PyTorch and Tensorflow in Natural Language Processing Pipeline_Model Building

Slinae
4 min readApr 15, 2022

After data preprocessing, we need to build models for the NLP pipeline.

Check how to do data preprocessing in PyTorch or TensorFlow for the NLP. ( https://ruolanlin.medium.com/comparing-pytorch-and-tensorflow-in-natural-language-processing-pipeline-part-1-9af01f012ff )

1. Use PyTorch to build a model for the NLP pipeline

There are two necessary parts needed to implement in building a model class in PyTorch.

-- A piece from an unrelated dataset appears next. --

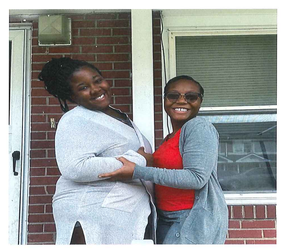
Home visit and case management with Project NAF Participant.

Initialize the class (inheriting from nn.Module) and the forward function. A simple example is as follows. These two parts are a must. We can add other functions which can handle the more complex situations and build a more powerful class.

A simple example for building an NLP model by PyTorch:

Initialize function:

class CNN(nn.Module):
def __init__(self, vocab_size, embedding_dim,\
filter_size, num_filter, num_class):
super(CNN, self).__init__()
self.embedding = nn.Embedding(vocab_size, embedding_dim)
self.conv1d = nn.Conv1d(embedding_dim,num_filter,\
filter_size, padding=1)
self.activate = F.relu
self.linear = nn.Linear(num_filter, num_class)

Implement the forward function:

def forward(self, inputs):
embedding = self.embedding(inputs)
convolution = self.activate(self.conv1d(embedding.permute(0, 2,\
1)))
pooling = F.max_pool1d(convolution,\
kernel_size=convolution.shape[2])
outputs = self.linear(pooling.squeeze(dim=2))
log_probs = F.log_softmax(outputs, dim=1)
return log_probs

More code details can be referred to here. Thanks very much for the code authors.

If we want to customize the layers to implement the algorithms, we may not only need to use the PyTorch off-the-shelf layers (such asnn.LSTM, nn.Conv1d) but also need to use the PyTorch operators (such as torch.cat/torch.transpose/torch.expand_as/torch.clamp). An example of implementing an algorithm by PyTorch can be referred to in another article:

https://ruolanlin.medium.com/text-summarization-with-pointer-generator-networks-4c9ae228c49f

2. Use Tensorflow to build a model for the NLP pipeline

1 . Customize a model with the Model layer (tf.keras.Model), pass different inputs to the model and get different outputs we want by the Model layer’s arguments.

2. Customize a layer with tf.keras.layers.Lambda

(Consult the documentation for the Model module https://www.tensorflow.org/api_docs/python/tf/keras/Model

Consult the documentation for the lambda layer

https://www.tensorflow.org/api_docs/python/tf/keras/layers/Lambda )

Example of the Siamese network’s architecture which uses the TensorFlow Model module to pass different inputs and get outputs and lambda layer. The code of the Siamese network example comes from the Coursera course:TensorFlow: Advanced Techniques Specialization by DeepLearning.AI.

In NLP, It may use the Embedding layer, the LSTM layer, and the Conv1D layer which is more suitable for text data modeling instead of Flatten layer.

from tensorflow.keras.models import Model
from tensorflow.keras.models import Model
from tensorflow.keras.layers import Input, Flatten, Dense,
from tensorflow.keras.layers import Lambda, Dropout
def initialize_base_network():
input = Input(shape=(28,28,))
x = Flatten()(input)
x = Dense(128, activation='relu')(x)
x = Dropout(0.1)(x)
x = Dense(128, activation='relu')(x)
x = Dropout(0.1)(x)
x = Dense(128, activation='relu')(x)
return Model(inputs=input, outputs=x)
base_network = initialize_base_network()
input_a = Input(shape=(28,28,))
input_b = Input(shape=(28,28,)
vect_output_a = base_network(input_a)
vect_output_b = base_network(input_b)
def euclidean_distance(vects):
x, y = vects
sum_square = K.sum(K.square(x - y), axis=1, keepdims=True)
return K.sqrt(K.maximum(sum_square, K.epsilon()))
def eucl_dist_output_shape(shapes):
shape1, shape2 = shapes return (shape1[0], 1)
output = Lambda \
(euclidean_distance,output_shape=eucl_dist_output_shape)\
([vect_output_a, vect_output_b])
model = Model([input_a, input_b], output)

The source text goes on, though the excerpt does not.